:: Data section ::
================================

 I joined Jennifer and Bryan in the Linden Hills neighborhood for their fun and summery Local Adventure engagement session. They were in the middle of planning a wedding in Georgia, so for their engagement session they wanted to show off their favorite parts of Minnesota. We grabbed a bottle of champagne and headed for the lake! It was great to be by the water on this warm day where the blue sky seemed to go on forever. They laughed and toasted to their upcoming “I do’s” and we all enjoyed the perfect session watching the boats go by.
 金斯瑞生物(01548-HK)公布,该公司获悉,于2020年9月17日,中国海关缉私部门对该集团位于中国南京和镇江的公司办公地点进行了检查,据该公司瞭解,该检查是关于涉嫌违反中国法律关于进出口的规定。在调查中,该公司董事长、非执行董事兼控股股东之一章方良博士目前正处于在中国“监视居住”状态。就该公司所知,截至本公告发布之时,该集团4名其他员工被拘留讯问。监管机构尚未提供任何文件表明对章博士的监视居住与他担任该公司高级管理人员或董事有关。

================================

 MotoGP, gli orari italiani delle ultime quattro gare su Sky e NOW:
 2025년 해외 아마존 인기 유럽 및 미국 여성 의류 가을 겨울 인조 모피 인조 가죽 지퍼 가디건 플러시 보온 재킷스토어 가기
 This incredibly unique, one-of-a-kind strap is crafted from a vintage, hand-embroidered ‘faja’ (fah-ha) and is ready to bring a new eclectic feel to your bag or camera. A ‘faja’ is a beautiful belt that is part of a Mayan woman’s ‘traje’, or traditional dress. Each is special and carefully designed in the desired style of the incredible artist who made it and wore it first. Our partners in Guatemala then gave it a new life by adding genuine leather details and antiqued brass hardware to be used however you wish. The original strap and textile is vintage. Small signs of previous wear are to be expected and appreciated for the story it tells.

================================

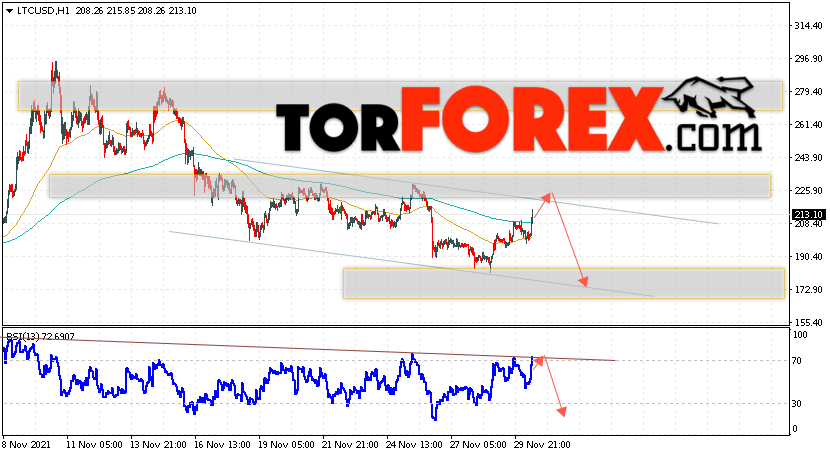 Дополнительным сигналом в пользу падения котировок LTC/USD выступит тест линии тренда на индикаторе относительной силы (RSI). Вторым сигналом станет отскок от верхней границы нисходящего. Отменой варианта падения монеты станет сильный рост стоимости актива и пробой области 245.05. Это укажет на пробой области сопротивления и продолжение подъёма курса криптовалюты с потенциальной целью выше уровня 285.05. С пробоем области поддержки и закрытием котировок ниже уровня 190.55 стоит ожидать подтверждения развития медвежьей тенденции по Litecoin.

================================

:: What is expected ::
Scan the entries above for the line containing "2025년 해외 아마존", and copy it and all lines after it exactly, down to and including the line containing "This incredibly unique, one-of-a-kind".

:: Solution to this exercise ::
 2025년 해외 아마존 인기 유럽 및 미국 여성 의류 가을 겨울 인조 모피 인조 가죽 지퍼 가디건 플러시 보온 재킷스토어 가기
 This incredibly unique, one-of-a-kind strap is crafted from a vintage, hand-embroidered ‘faja’ (fah-ha) and is ready to bring a new eclectic feel to your bag or camera. A ‘faja’ is a beautiful belt that is part of a Mayan woman’s ‘traje’, or traditional dress. Each is special and carefully designed in the desired style of the incredible artist who made it and wore it first. Our partners in Guatemala then gave it a new life by adding genuine leather details and antiqued brass hardware to be used however you wish. The original strap and textile is vintage. Small signs of previous wear are to be expected and appreciated for the story it tells.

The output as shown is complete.